If the above doesn’t work, for example if file names for an existing font change, or a new font variant altogether is being added, hand-editing of webpack.common.js is required. The steps are roughly:

  • install the new font, as above, with yarn add

  • in webpack.common.js:

    • add the new font to vendorVersions and vendorPaths

    • add new link tags to the appropriate macro in macroTemplate

    • add the new font files (including the license) to CopyPlugin

    • remove references to the font being replaced/removed, if applicable

  • restart the development server, if running

  • rebuild the production assets, as above, with yarn build:production

  • potentially remove the font being replaced from package.json and re-run yarn

  • commit all of the changed files

Contributing changes

We follow a typical GitHub workflow of:

  • create a personal fork of this repo

  • create a branch

  • open a pull request

  • fix findings of various linters and checks

  • work through code review

For each pull request, the demo site is built and deployed to make it easier to review the changes in the PR. To access this, click on the “ReadTheDocs” preview in the CI/CD jobs.

Ensuring correct commits

To ensure all source files have been correctly built, a pre-commit hook is available.

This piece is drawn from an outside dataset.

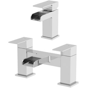 GENERAL DESCRIPTION The Aquari Dakota range of bathroom taps features strong angular lines and smooth surfaces, making a great impact on any contemporary bathroom. This set is a fantastic solution for all your bathroom tap needs. Features and Benefits: Open top waterfall spouts provide a cascade of water. The polished chrome finish complements any bathroom style. Easy to use taps with twin levers on the bath tap and a single lever on the basin tap. Solid brass build for durability and longevity. Reliable ceramic cartridge for long-lasting performance and smoother quarter-turn action. Pair with other Dakota Waterfall Taps. Flexible tails included for the basin tap only. 5-year guarantee for peace of mind. TECHNICAL SPECIFICATIONS Bath tap flow rates (l/min): 0.5 bar – 31.5 / 1.0 bar – 43.2 / 3.0 bar – 70.3 Basin tap flow rates (l/min): 0.5 bar – 8.7 / 1.0 bar – 12.3 / 3.0 bar – 21.1 Bath tap dimensions: 229mm (W) x 126mm (H) x 130mm (D) Basin tap dimensions: 49mm (W) x 134mm (H) x 95mm
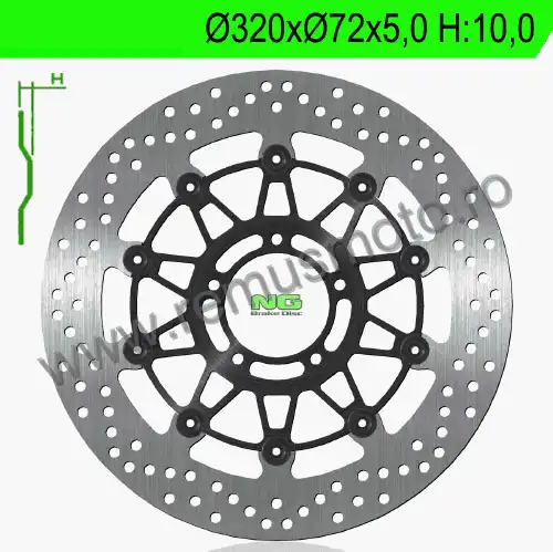 Disc de frana cu montare Stanga/Dreapta, diametrul exterior de 320mm, diametrul interior de 72mm, grosime de 5,0mm avand 5 gauri de prindere cu diametrul de 8,5mm.

To set this up, first install the pre-commit package:

# with pip
pip install pre-commit
# or with conda
conda install -c conda-forge pre-commit

Then, from the root of this repo, run:

pre-commit install

Now all of the checks will be run each time you commit changes.

Note that if needed, you can skip these checks with:

git commit --no-verify

Finding accessibility problems

The accessibility checking tools can find a number of common HTML patterns which assistive technology can’t help users understand.

In addition to Lighthouse in CI, the pa11y stack is installed as part of the development environment.

The key components are:

  • pa11y which uses a headless browser to analyze an HTML page with a configurable set of rules based on publish standards

  • Pa11y-CI runs pa11y on multiple pages

  • pa11y-reporter-html generates some nice HTML reports, suitable for review


Presently, the default pa11y ruleset, WCAG2AA is used, a subset of the Web Content Accessibility Guidelines. The Quick Reference may provide lighter reading.

To run the accessibility problem finder locally:

yarn build:production
cd docs
make html

The output of the last command includes:

  • a short summary of the current state of the accessibility rules we are trying to maintain

  • local paths to JSON and HTML reports which contain all of the issues found

Fixing accessibility errors

Start by checking for issues on the accessibility roadmap. These are issues which are currently flagged by the toolset, but that have not yet been fixed. If that file is empty (or just comments), hooray!

To start working on one of the accessibility roadmap items, comment out one of the lines in docs/a11y-roadmap.txt, and re-run the audit to establish a baseline.

Then, fix the issue in either the HTML templates, CSS, or python code, and re-run the audit until it is fixed.

Make a release

This theme uses GitHub tags and releases to automatically push new releases to PyPI. For information on this process, see the release checklist.